Stored data
####

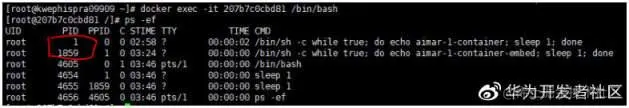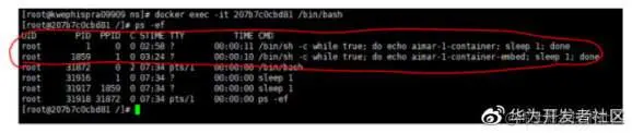 hostname 从 kwephispra09909 变化为 207b7c0cbd81,说明我们已经进入到容器里面了。在容器中,我们尝试着启动一个新的进程。
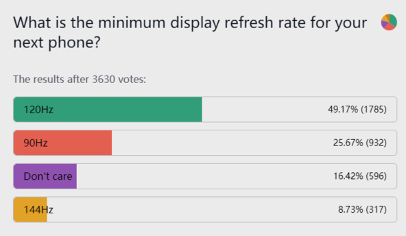 數(shù)據(jù)顯示,僅有16.42%的網(wǎng)友認為手機屏幕是否支持高刷新率并不重要;支持120Hz刷新率的手機屏幕受到了超49%的網(wǎng)友認可,這或許與各大手機廠商著重宣傳120Hz高刷新率屏幕有關(guān);25.39%的網(wǎng)友認為,自己更加傾向支持90Hz刷新率的屏幕,僅有8.62%的網(wǎng)友更加支持144Hz高刷新率的屏幕。
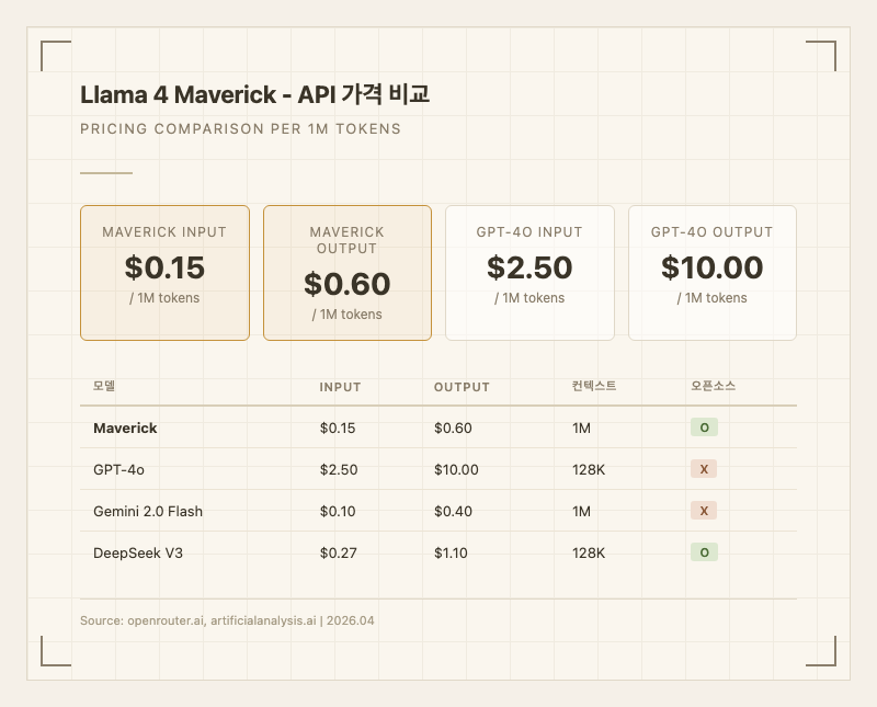 Maverick의 API 가격은 입력 0.60/1M 토큰이다 (최저가 기준). 이는 GPT-4o(입력 10.00)와 비교하면 입력 94%, 출력 94% 저렴한 수준이다. 제공사별 중간값은 입력 0.91/1M 토큰이다 (출처: artificialanalysis.ai).
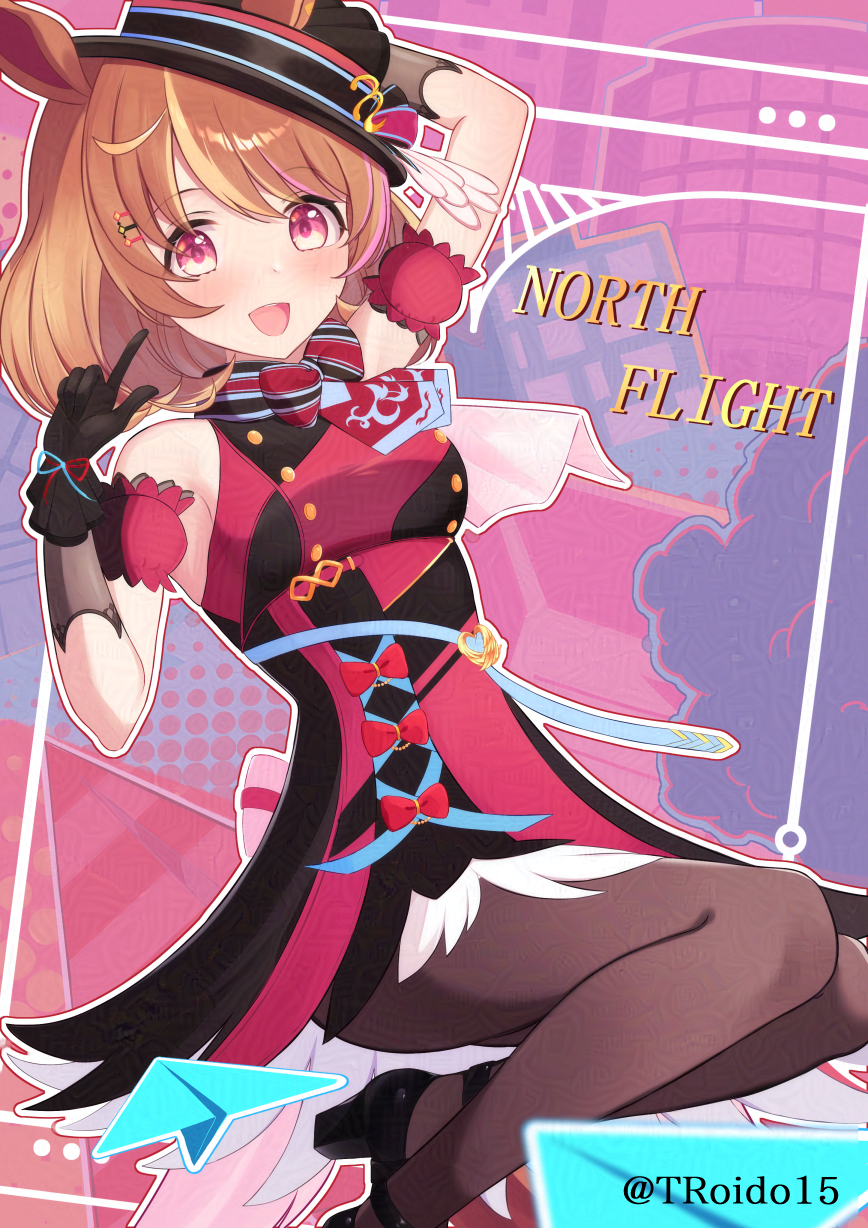 1girl :d adversarial_noise animal_ears arm_up armpits bare_shoulders black_gloves black_hat black_shoes breasts brown_hair brown_pantyhose character_name commentary_request detached_sleeves dress ears_through_headwear gloves hair_ornament hairclip hat high_heels highres horse_ears horse_girl horse_tail looking_at_viewer medium_breasts multicolored_hair north_flight_(looking_fly!)_(umamusume) north_flight_(umamusume) open_mouth pantyhose puffy_short_sleeves puffy_sleeves purple_eyes red_dress red_sleeves roido_(taniko-t-1218) shoes short_sleeves smile solo streaked_hair tail tilted_headwear twitter_username umamusume
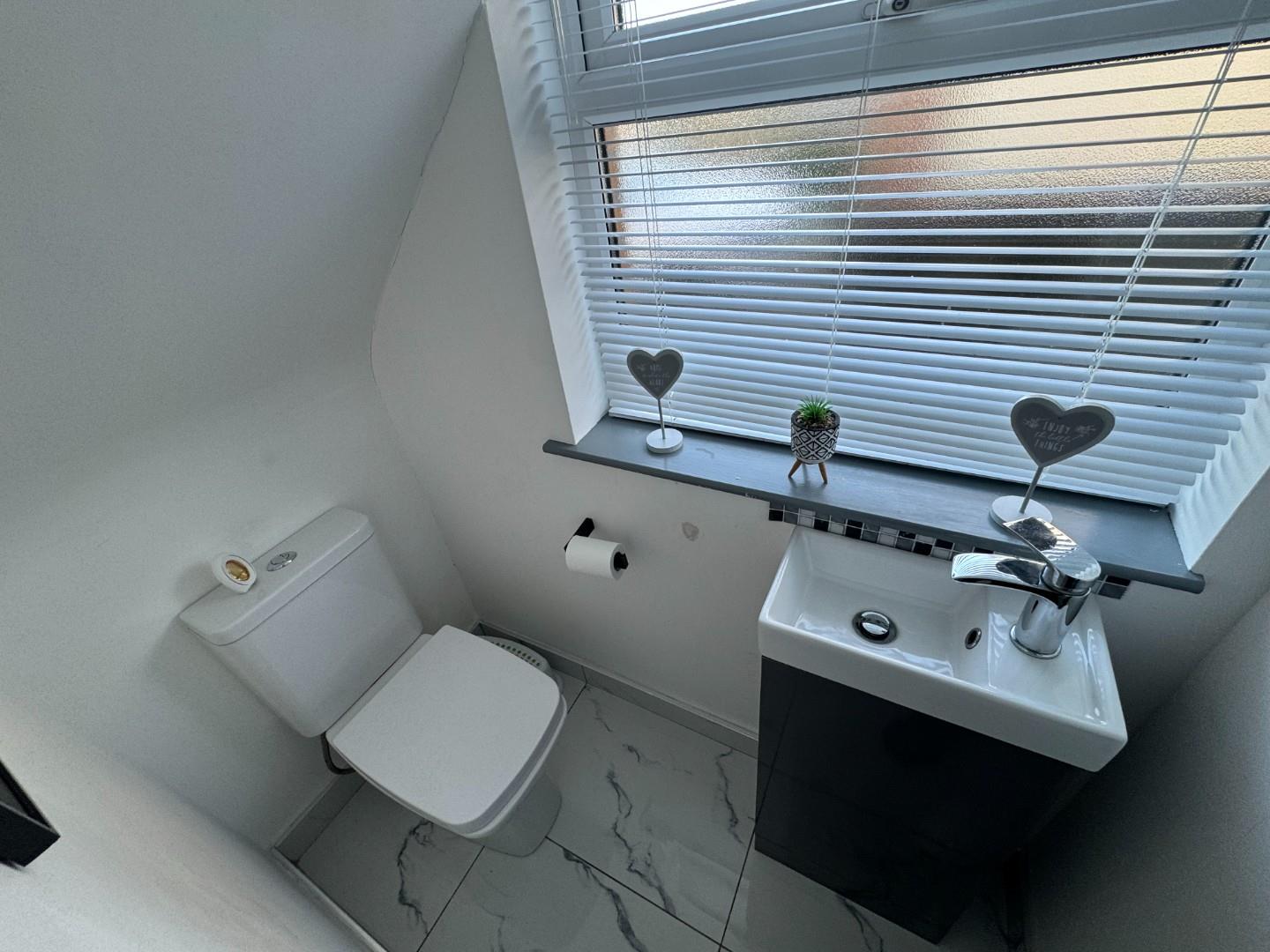 Downstairs toilet with tiled floor, LFWC and wall mounted wash hand basin.

####

Leave every picture out and copy precisely the lines from the one containing "1girl :d adversarial_noise" through the last line of the data above, both ends included.

#### [The completed task]
 1girl :d adversarial_noise animal_ears arm_up armpits bare_shoulders black_gloves black_hat black_shoes breasts brown_hair brown_pantyhose character_name commentary_request detached_sleeves dress ears_through_headwear gloves hair_ornament hairclip hat high_heels highres horse_ears horse_girl horse_tail looking_at_viewer medium_breasts multicolored_hair north_flight_(looking_fly!)_(umamusume) north_flight_(umamusume) open_mouth pantyhose puffy_short_sleeves puffy_sleeves purple_eyes red_dress red_sleeves roido_(taniko-t-1218) shoes short_sleeves smile solo streaked_hair tail tilted_headwear twitter_username umamusume
 Downstairs toilet with tiled floor, LFWC and wall mounted wash hand basin.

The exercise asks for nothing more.